$f\in L^2(\mathbb{R})$ is absolutely continuous and $f' \in L^2(\mathbb{R})$ if and only if $\int |y\hat{f}(y)|^2dy<\infty$

Question

This comes from Walter Rudin's Functional Analysis p. 388, exercise 21(c):

But the domain I found on Engel's One-Parameter Semigroups for Linear Evolution Equations p. 66 is $$ D(A)=\{f\in L^2(\mathbb{R}):f \text{ is absolutely continuous, } f' \in L^2(\mathbb{R})\} $$

If both of them are right, then we shall also have $D(A)=\{f \in L^2(\mathbb{R}):\int|y\hat{f}(y)|^2dy<\infty\}$, i.e.
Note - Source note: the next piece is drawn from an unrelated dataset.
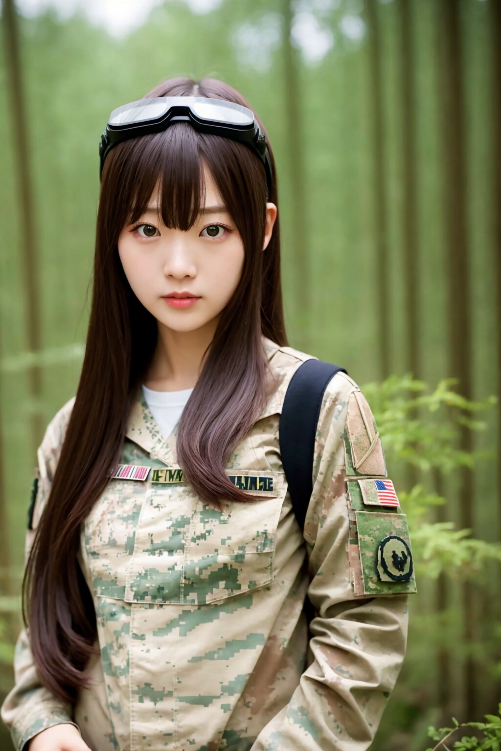 ミリタリー美女、迷彩服が上手く出ない。エアライフルを『持っている』で何とか1枚出たw

Rudin's condition $\iff$ Engel's condition. But how do we prove it? I think it makes sense in one direction because we have $iy\hat{f}(y) = \hat{f'}(y)$. So Rudin was saying that $f' \in L^2$, and it is somewhat clear that Engel's version implies Rudin's version. But given Rudin's condition, how can we tell that $f$ is absolutely continuous (or less rigoursly, is $f$ differentiable under this condition)? I guess I could find related theories on some Fourier analysis book but failed.

Answer 1

As you wrote yourself, it is quite easy to see that Rudin's condition implies $f'\in L^2(\mathbb{R})$. Now if $f'\in L^2(\mathbb{R})$, you can define $g(t)=\int_{[0,t]}f'(t)\text{d} t$ and you have $g=f+c$ a.e. for some constant $c\in\mathbb{C}$ (see e.g. Does fundamental theorem of calculus hold for weakly differentiable function?). Now $g$ is clearly continuous by the dominated convergence theorem, so we may represent the class $f$ by a continuous function as well. Furhtermore, you actually have for any pairwise disjoint sequence of sub-intervals $(x_k,y_k)$ by Cauchy-Schwarz $$\sum_k \lvert f(y_k)-f(x_k)\rvert=\sum_k\lvert g(y_k)-g(x_k)\rvert=\sum_k\left\lvert \int_{[x_k,y_k]}f'(s)\text{d} s \right\rvert\leq\sum_k\int_{[x_k,y_k]}\left\lvert f'(s)\right\rvert\text{d} s \leq \lVert f'\rVert_2 \left(\sum_k(y_k-x_k)\right)^{1/2}. $$ This shows that $f$ is absolutely continuous.